"Les observer, c'est tenter de nous comprendre" : les macaques japonais intriguent les scientifiques
Le décor semble tout droit sorti du film Princesse Mononoké de Hayao Miyazaki. Le réalisateur japonais s’en était d’ailleurs largement inspiré pour reproduire les forêts de mousse où se déroule l’intrigue de son chef-d’oeuvre. Lîle-volcan de Yakushima est une merveille de biodiversité : alors que des tortues viennent pondre sur ses plages au climat chaud, il peut neiger au même moment à son sommet. C’est au cœur de ce paysage onirique qu’a été observé un comportement culturel étonnant entre deux espèces qui n’ont, à première vue, rien en commun : des macaques et des cerfs sika pratiquent… le rodéo. Ici, les singes s’amusent à monter sur le dos des cerfs et à y rester quelques secondes, voire quelques minutes pour les ongulés les plus tolérants. Une tradition très connue par les chercheurs et les habitants de l’île, qui reste pourtant difficile à observer.
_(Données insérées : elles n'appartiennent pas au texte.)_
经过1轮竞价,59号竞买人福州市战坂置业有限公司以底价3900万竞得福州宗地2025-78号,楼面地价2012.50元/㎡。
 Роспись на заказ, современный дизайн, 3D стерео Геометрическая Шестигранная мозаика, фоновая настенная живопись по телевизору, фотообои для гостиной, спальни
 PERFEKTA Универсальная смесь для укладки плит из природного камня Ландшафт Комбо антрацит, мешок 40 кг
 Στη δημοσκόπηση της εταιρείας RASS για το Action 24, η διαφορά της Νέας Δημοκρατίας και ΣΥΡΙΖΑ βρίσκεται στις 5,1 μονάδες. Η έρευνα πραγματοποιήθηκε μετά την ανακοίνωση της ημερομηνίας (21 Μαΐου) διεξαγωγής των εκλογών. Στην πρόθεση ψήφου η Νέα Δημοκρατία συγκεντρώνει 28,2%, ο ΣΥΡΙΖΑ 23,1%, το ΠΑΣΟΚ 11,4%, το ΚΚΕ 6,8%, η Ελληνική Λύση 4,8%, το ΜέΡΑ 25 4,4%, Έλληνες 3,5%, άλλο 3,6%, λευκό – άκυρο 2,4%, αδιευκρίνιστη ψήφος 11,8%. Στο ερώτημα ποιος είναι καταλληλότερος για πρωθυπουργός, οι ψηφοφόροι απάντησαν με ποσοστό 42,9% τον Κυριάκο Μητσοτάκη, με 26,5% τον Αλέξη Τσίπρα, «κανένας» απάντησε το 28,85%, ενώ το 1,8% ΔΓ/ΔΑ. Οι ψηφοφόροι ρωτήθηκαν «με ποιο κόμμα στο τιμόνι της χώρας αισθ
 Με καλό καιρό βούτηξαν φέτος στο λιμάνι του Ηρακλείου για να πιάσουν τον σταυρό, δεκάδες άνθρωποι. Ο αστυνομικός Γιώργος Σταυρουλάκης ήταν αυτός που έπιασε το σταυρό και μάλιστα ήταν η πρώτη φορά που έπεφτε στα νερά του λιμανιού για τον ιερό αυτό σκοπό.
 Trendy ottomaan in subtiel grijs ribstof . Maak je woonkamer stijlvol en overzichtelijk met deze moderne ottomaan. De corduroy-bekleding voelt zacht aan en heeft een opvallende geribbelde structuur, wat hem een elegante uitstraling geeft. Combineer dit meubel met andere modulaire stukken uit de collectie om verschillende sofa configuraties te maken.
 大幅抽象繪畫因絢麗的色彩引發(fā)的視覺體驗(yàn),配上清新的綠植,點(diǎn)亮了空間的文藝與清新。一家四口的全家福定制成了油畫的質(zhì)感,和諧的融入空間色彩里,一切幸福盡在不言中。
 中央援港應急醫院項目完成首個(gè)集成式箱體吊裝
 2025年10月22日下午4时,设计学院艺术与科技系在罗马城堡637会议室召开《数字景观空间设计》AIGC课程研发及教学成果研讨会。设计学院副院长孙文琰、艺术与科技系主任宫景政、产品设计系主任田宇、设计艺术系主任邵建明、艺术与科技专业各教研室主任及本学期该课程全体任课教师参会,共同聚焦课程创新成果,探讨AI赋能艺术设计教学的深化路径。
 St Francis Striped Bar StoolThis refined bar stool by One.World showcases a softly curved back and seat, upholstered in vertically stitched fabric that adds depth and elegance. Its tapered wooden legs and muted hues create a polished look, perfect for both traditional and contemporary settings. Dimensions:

Aussi étonnant que cela puisse paraître, ce comportement n’a pas fini d’intriguer les scientifiques. En janvier 2017, une vidéo d’un jeune macaque japonais ayant une relation sexuelle avec une biche sur cette île japonaise avait fait le tour du monde. Ces images documentaient, pour la première fois, une pratique sexuelle interespèce chez un primate, humain excepté. Un événement exceptionnel, pensait-on, bien qu’on sache désormais qu’il constitue une pratique relativement courante. Près de huit ans plus tard, deux nouvelles études publiées dans les revues scientifiques Primates et Cultural Science publiées fin décembre 2024 proposent des pistes de réflexion autour de ce comportement, dont l’aspect sexuel n’est en réalité qu’une composante parmi d’autres dans la relation entre macaques et cerfs. Pourquoi les macaques font-ils cela, et pourquoi les cerfs l’acceptent-ils ? Quel lien faire avec l’Homme ? Quelques jours plus tard, le 7 janvier dernier, une autre analyse scientifique publiée là encore dans Primates tente d’éclaircir un autre mystère : que signifient ces marques laissées par simple manipulation de pierres et de craies sur le sol par ces macaques ? Le Français Cédric Sueur, éthologue au CNRS, spécialiste des comportements collectifs chez les primates, et à l’origine de ces publications, allant jusqu’à se demander si les humains n’avaient pas commencé à dessiner par accident. "Cela offre une fascinante fenêtre sur l’émergence involontaire du dessin dans notre histoire évolutive", précise-t-il. Entretien.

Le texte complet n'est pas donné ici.